The Core Problem: Quantum Theory Applied to Itself

  • Quantum theory is normally applied from the outside: an external system. But if the theory is truly universal, it should also be able to describe physicists who are inside the world and using the theory themselves.
  • Renner’s key insight is that this recursive application — using quantum theory to model someone who is using quantum theory — leads to contradictions in certain carefully constructed scenarios.
  • The contradiction is not about incomplete knowledge (like not knowing a coin flip result). It is about contradictory knowledge: one agent is certain a spin is up, while another agent analyzing the first agent’s reasoning is certain the spin is down, with both having applied quantum theory perfectly.
  • This is a new kind of consistency check on physical theories: if a theory is universal, it must be able to describe its own users without contradiction.

The Three (Plus One) Assumptions That Cannot All Hold

  • Assumption 1 — Universality: Quantum theory applies to everything, including observers and agents.
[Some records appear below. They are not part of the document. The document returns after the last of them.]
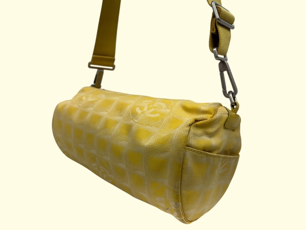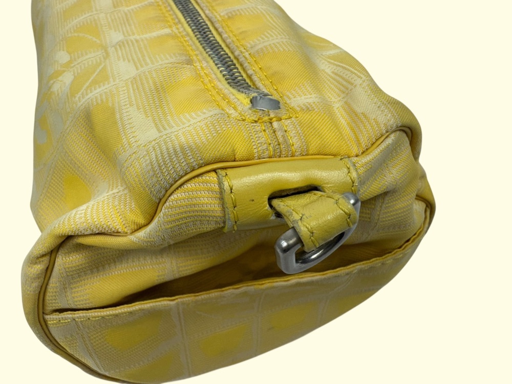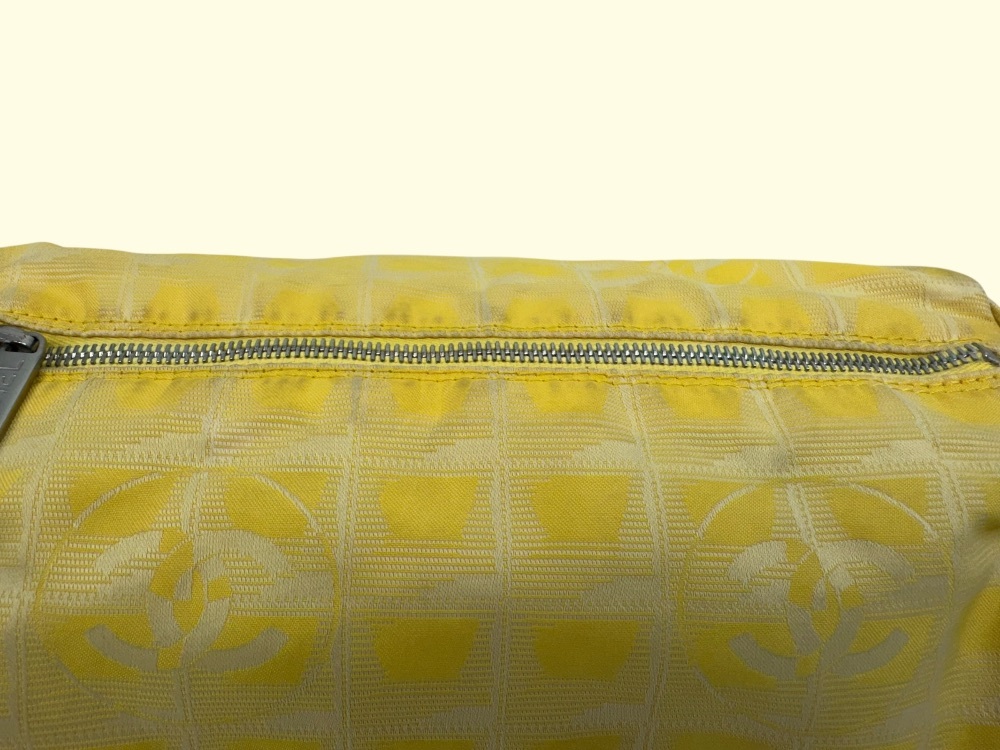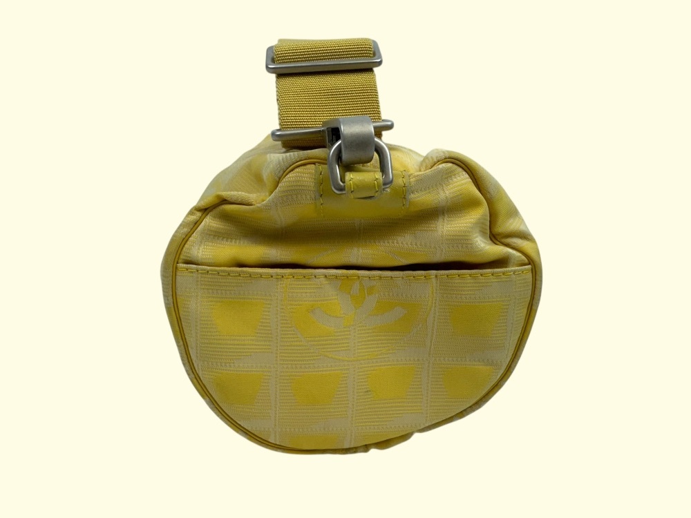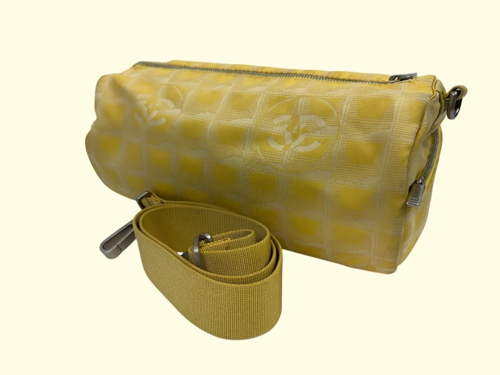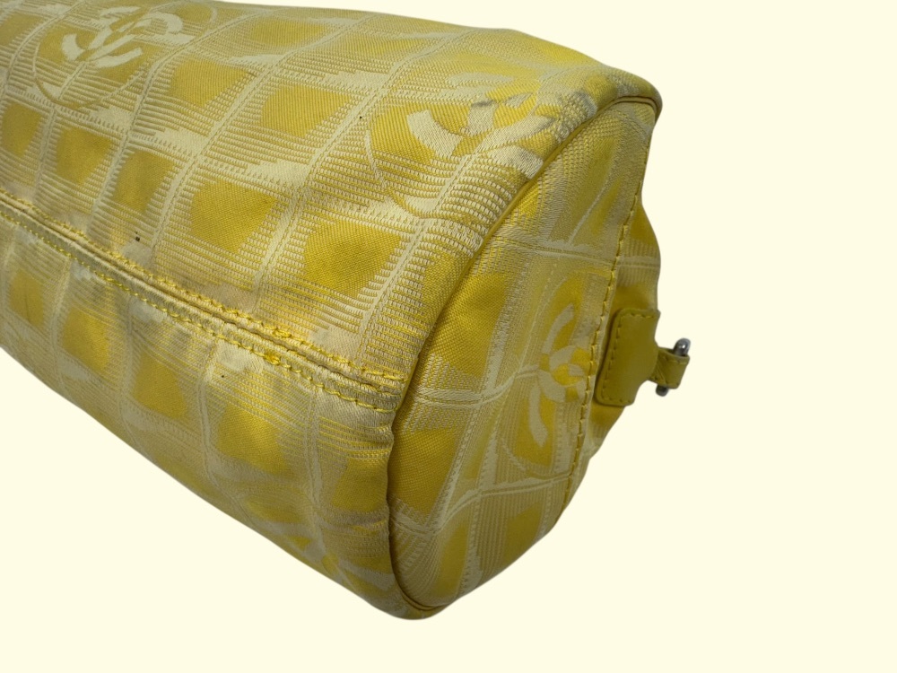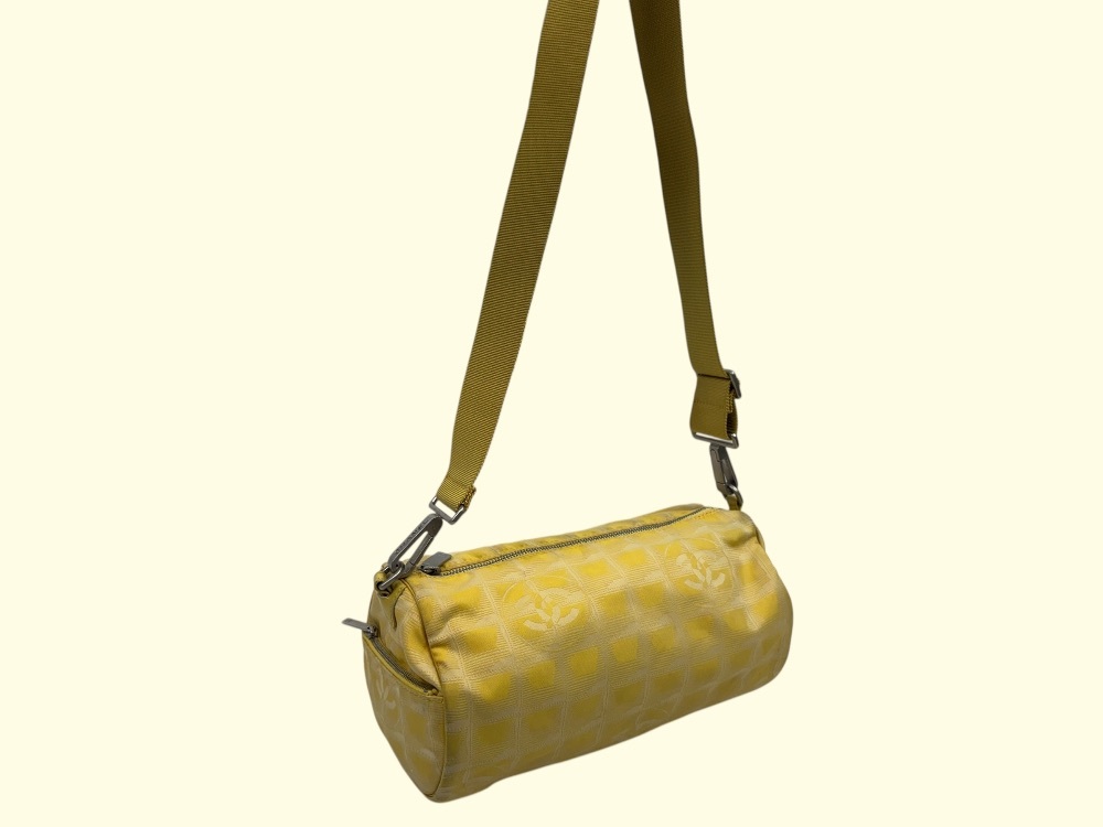Chanel Nylon Printed Barrel Travel Bag Clutch Handbag Yellow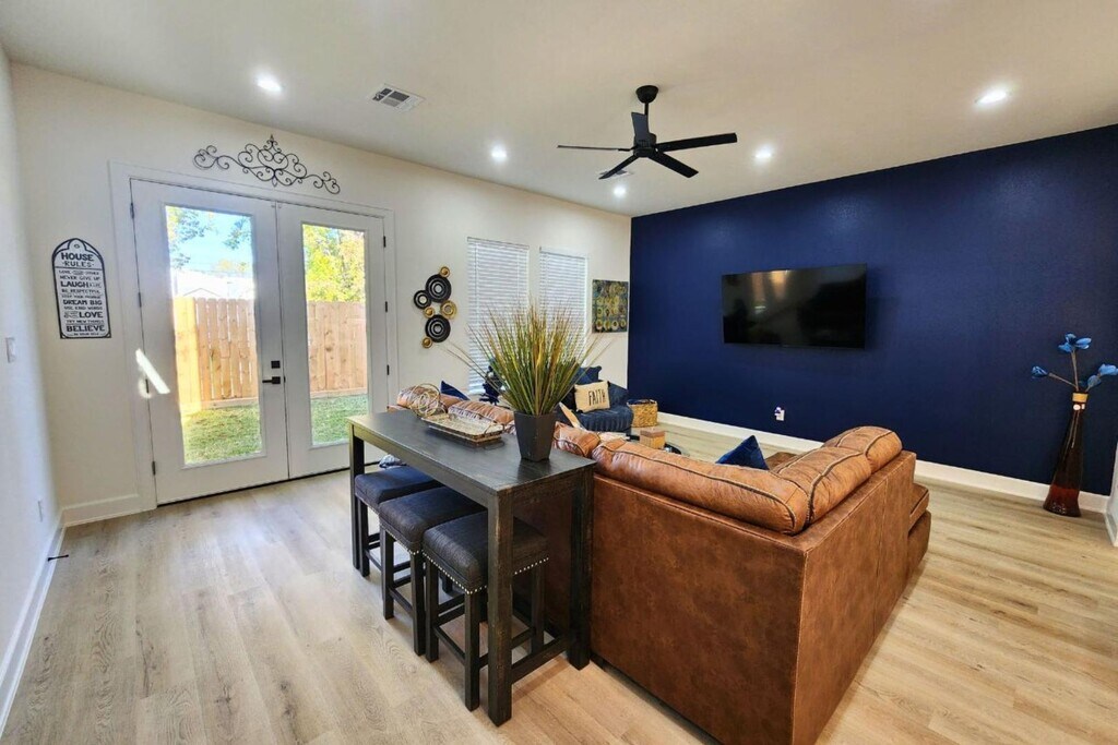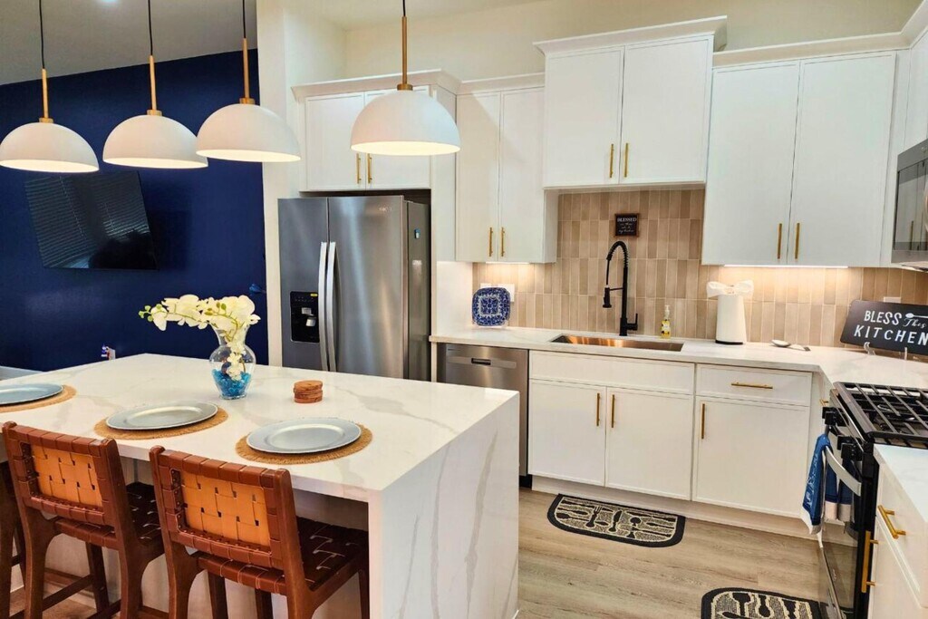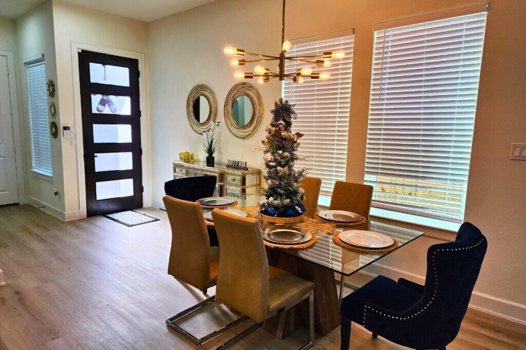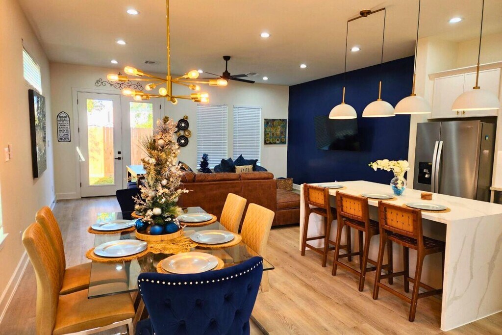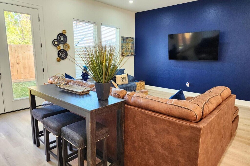 Escape to this beautifully designed modern farmhouse near Houston’s Medical Center and Downtown. This 3BR, 3.5BA home features a chef’s kitchen with a waterfall island, open living and dining spaces, and a second-floor lounge with a wet bar. The spacious primary suite offers high ceilings, a soaking tub, and a walk-in shower. Enjoy smart TVs in every bedroom, high-speed Wi-Fi, and a game room with board games. Outside, relax in the private, fenced backyard or take advantage of the secure 2-car garage. Each bedroom is thoughtfully furnished—king, queen, and twin beds—with air mattresses for extra guests. Located in South Union, you're minutes from top attractions like the Museum District, NRG Stadium, Hermann Park, and major highways. Whether for business or leisure, this home delivers comfort, style, and convenience in one perfect Houston location. Welcome to your modern Houston getaway near the Medical Center, Downtown, and Museum District! This spacious 3BR, 3.5BA home offers ...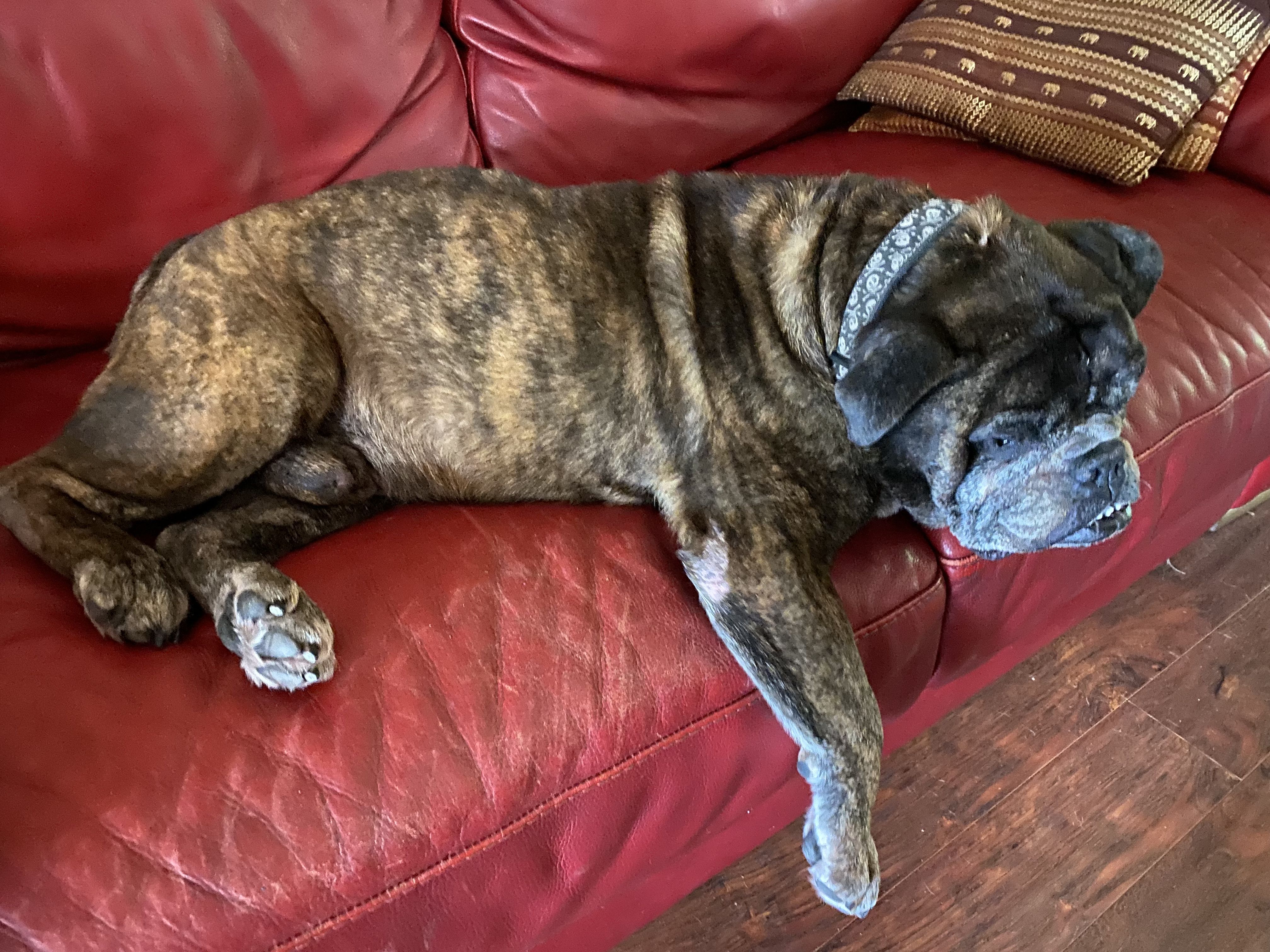 He looks great! Handsome fella right thereI feel your pain.. Kevin has no problems getting ON, knowing full well he has a hard time getting off the couch. I end up having to build him some type of ramp... with a plate of frozen broccoli* as a 'reward' (bribe).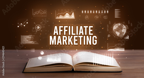 AFFILIATE MARKETING inscription coming out from an open book, creative business concept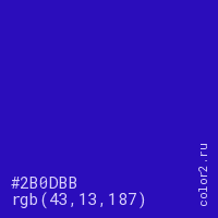 Цвет #2B0DBB в цветовой модели RGB обозначается тремя октетами (43, 13, 187) в десятичном формате и #2B0DBB в шестнадцатиричном (hex) формате, которые являются интенсивностью красного 43 (hex 2B), интенсивность зелёного 13 (hex 0D) и интенсивность синего 187 (hex BB).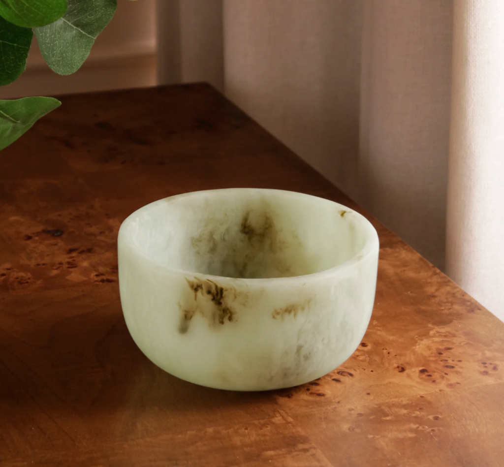 The RESIN Giada Small Bowl (Jade Swirl) is perfect for serving nuts, dips and small bites, indoors or outdoors. Makes a great gift, and a great story.
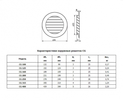 Наружные решётки CG предназначены для забора свежего воздуха и удаления загрязнённого воздуха из зданий. Решётки CG представляют собой круглую раму с установленными в неё неподвижными жалюзи, форма которых препятствует проникновению атмосферных осадков с улицы. С внутренней стороны решетки установлена защитная сетка.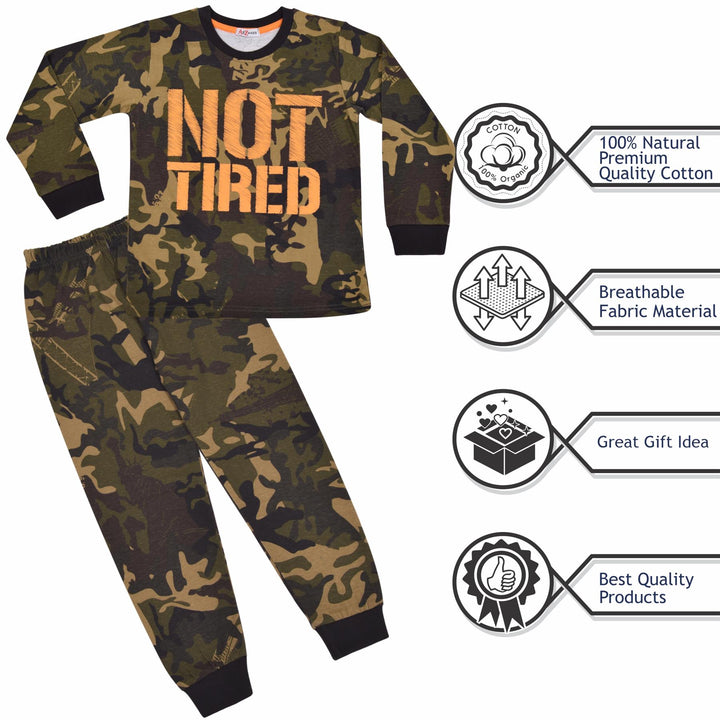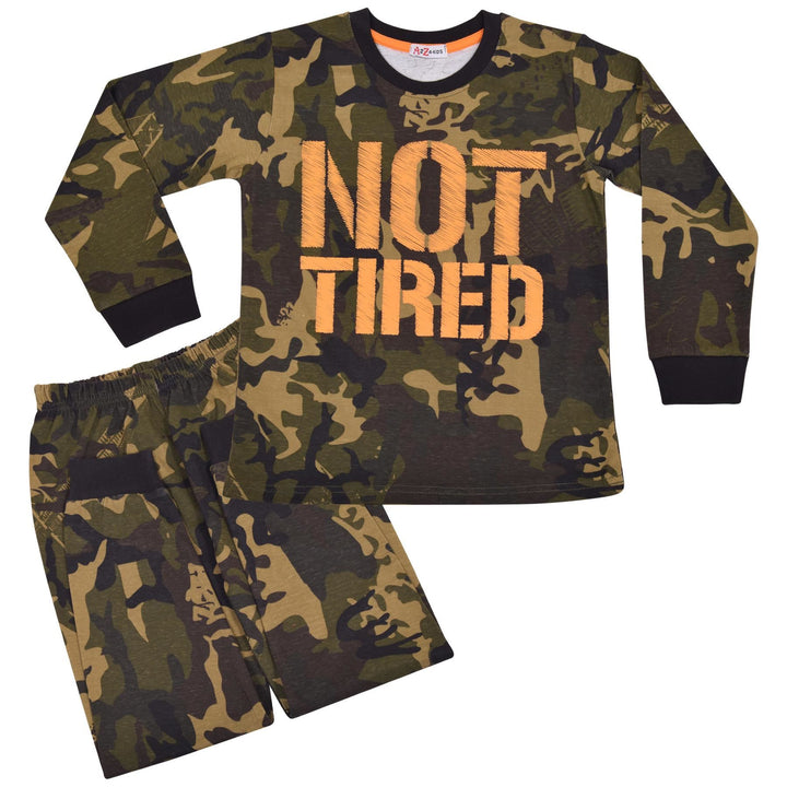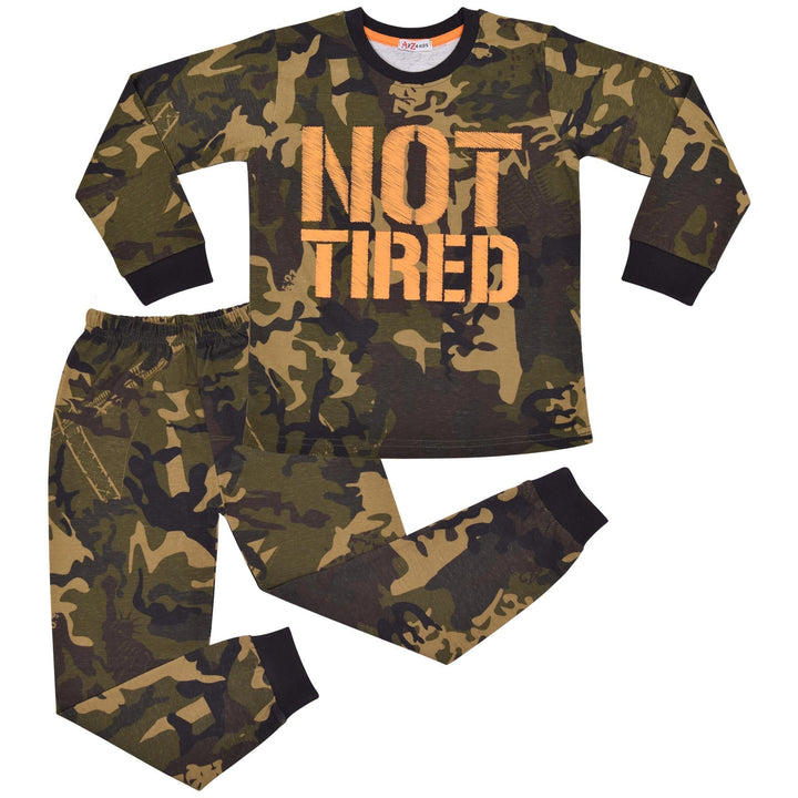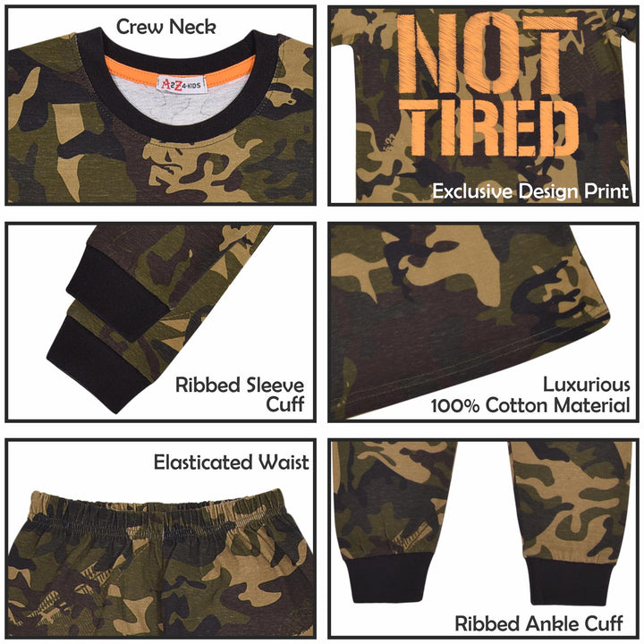 Kids Unisex Camo Green Print Pyjamas Children PJs Loungewear Age 2-13

Moreover, every agent can apply quantum theory from their own perspective (not just an imaginary external “God’s eye” observer).
  • Assumption 2 — Consistency of knowledge: If agent A is certain that agent B is certain of outcome X, then A should also be certain of X. This is a minimal requirement for communication between agents to be meaningful.
  • Assumption 3 — Single outcomes: You cannot simultaneously be certain a spin is up and certain it is down. Contradictory certainties are forbidden.
  • Assumption 4 — Executability: The thought experiment that exposes the contradiction must, in principle, be physically realizable.
  • Renner’s no-go theorem shows these four assumptions cannot all be true simultaneously. At least one must be given up, and none of the options is comfortable.

The Wigner’s Friend Setup

  • The contradiction arises in a “Wigner’s friend” scenario: one physicist (the friend) performs a measurement inside a lab, while a second physicist (Wigner) describes the entire lab — including the friend — as a quantum system.
  • When a third layer of reasoning is added (someone analyzing Wigner analyzing the friend), and measurements are performed on agents themselves, the predictions from different levels of analysis become mutually contradictory.
  • The setup requires at least four agents to avoid direct self-reference loops, and the contradiction is robust — it persists even with small experimental imperfections.

Renner’s Preferred Escape Route: The Experiment Is Not Executable

  • Renner’s current view is that the contradiction is avoided because the experiment simply cannot be carried out for fundamental reasons, even though it appears possible at first glance.
  • The argument involves quantum reference frames: to measure any quantum system, you need a reference frame that is larger than the system being measured. In a loop of agents measuring each other, each reference frame would need to be larger than the next — an impossibility.
  • This connects to gravity: the information content of a system is related to the size of the black hole you could build from it. Reference frames require information, and information requires physical resources that scale with system size.
  • If correct, this means the contradiction never arises in practice, not because the assumptions are wrong, but because nature forbids the experiment from being built.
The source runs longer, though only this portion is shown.